Quickstart#
This page gives a brief overview of the main Mase workflows. For hands-on walkthroughs, follow the Tutorials.
Importing a model#
To import a model into Mase, wrap it in a MaseGraph. Mase uses Torch FX to build a
computation graph that analysis and transform passes can iterate over.
from transformers import AutoModelForSequenceClassification
from chop import MaseGraph
import chop.passes as passes
model = AutoModelForSequenceClassification.from_pretrained("prajjwal1/bert-tiny")
mg = MaseGraph(model, hf_input_names=["input_ids", "attention_mask", "labels"])
mg, _ = passes.init_metadata_analysis_pass(mg)
mg, _ = passes.add_common_metadata_analysis_pass(mg)
See Tutorial 1: Introduction to the Mase IR, MaseGraph and Torch FX passes for a full walkthrough.
Architecture Search#
Mase integrates with Optuna to search over model architecture dimensions
(number of layers, heads, hidden size) and layer type choices (e.g. Linear vs Identity).
import optuna
from optuna.samplers import RandomSampler
from chop.tools import get_tokenized_dataset, get_trainer
dataset, tokenizer = get_tokenized_dataset("imdb", "bert-base-uncased", return_tokenizer=True)
def objective(trial):
model = construct_model(trial) # sample architecture from search space
trainer = get_trainer(model=model, tokenized_dataset=dataset, tokenizer=tokenizer,
evaluate_metric="accuracy", num_train_epochs=1)
trainer.train()
return trainer.evaluate()["eval_accuracy"]
study = optuna.create_study(direction="maximize", sampler=RandomSampler())

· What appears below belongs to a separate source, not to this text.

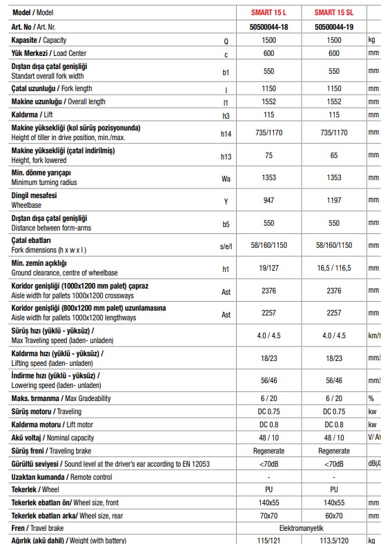 Smart 15 L modeli, 75 mm düşük şase yapısıyla alçak palet girişlerini kolaylaştırır.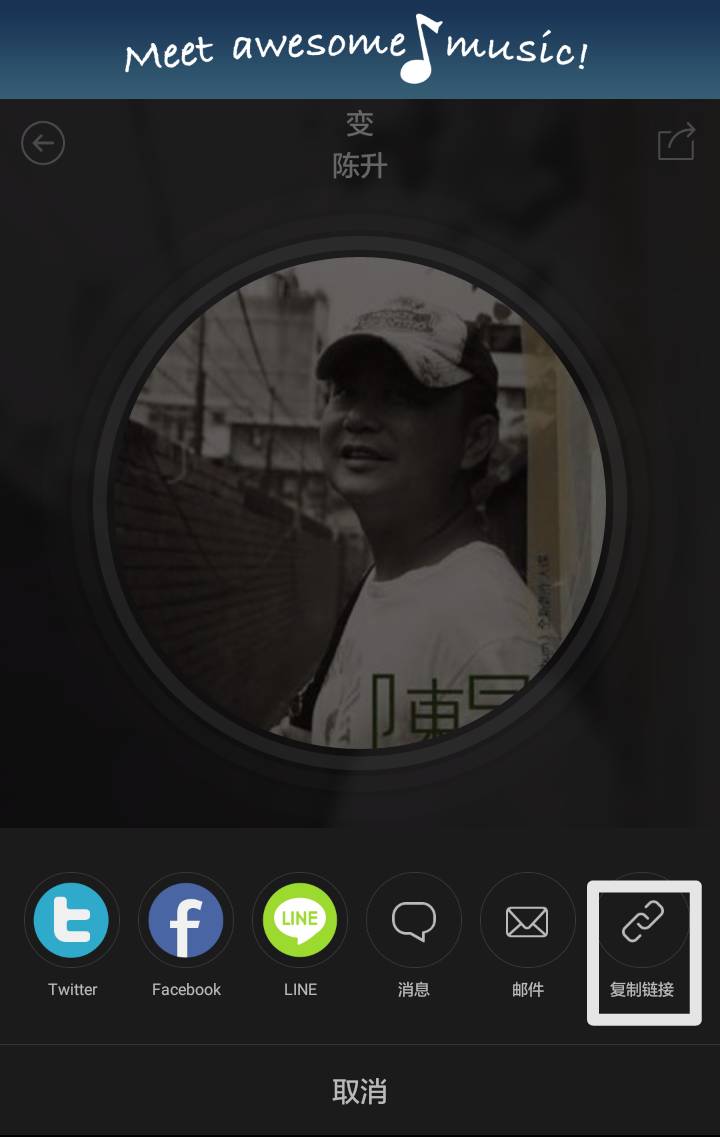 无论是已下载或未下载的歌曲,在播放页面点击右上角分享图标即可进行歌曲分享,推荐“复制链接”,这样在社交平台上分享链接,别人打开链接就能直接听歌啦:

study.optimize(objective, n_trials=10)
See Tutorial 5: Neural Architecture Search (NAS) with Mase and Optuna for a full walkthrough including the model constructor and search space definition.
Model Compression#
The CompressionPipeline applies quantization and pruning in a single pass, preparing a model
for edge deployment.
from chop.pipelines import CompressionPipeline
from chop import MaseGraph
mg = MaseGraph(model)
pipe = CompressionPipeline()
quantization_config = {
"by": "type",
"default": {"config": {"name": None}},
"linear": {"config": {"name": "integer",
"data_in_width": 8, "data_in_frac_width": 4,
"weight_width": 8, "weight_frac_width": 4,
"bias_width": 8, "bias_frac_width": 4}},
}
pruning_config = {
"weight": {"sparsity": 0.5, "method": "l1-norm", "scope": "local"},
"activation": {"sparsity": 0.5, "method": "l1-norm", "scope": "local"},
}
mg, _ = pipe(mg, pass_args={
"quantize_transform_pass": quantization_config,
"prune_transform_pass": pruning_config,
})
See Tutorial 3: Running Quantization-Aware Training (QAT) on Bert for quantization,
Tutorial 4: Unstructured Pruning on Bert for pruning, and
Tutorial 5: Neural Architecture Search (NAS) with Mase and Optuna for combined compression via CompressionPipeline.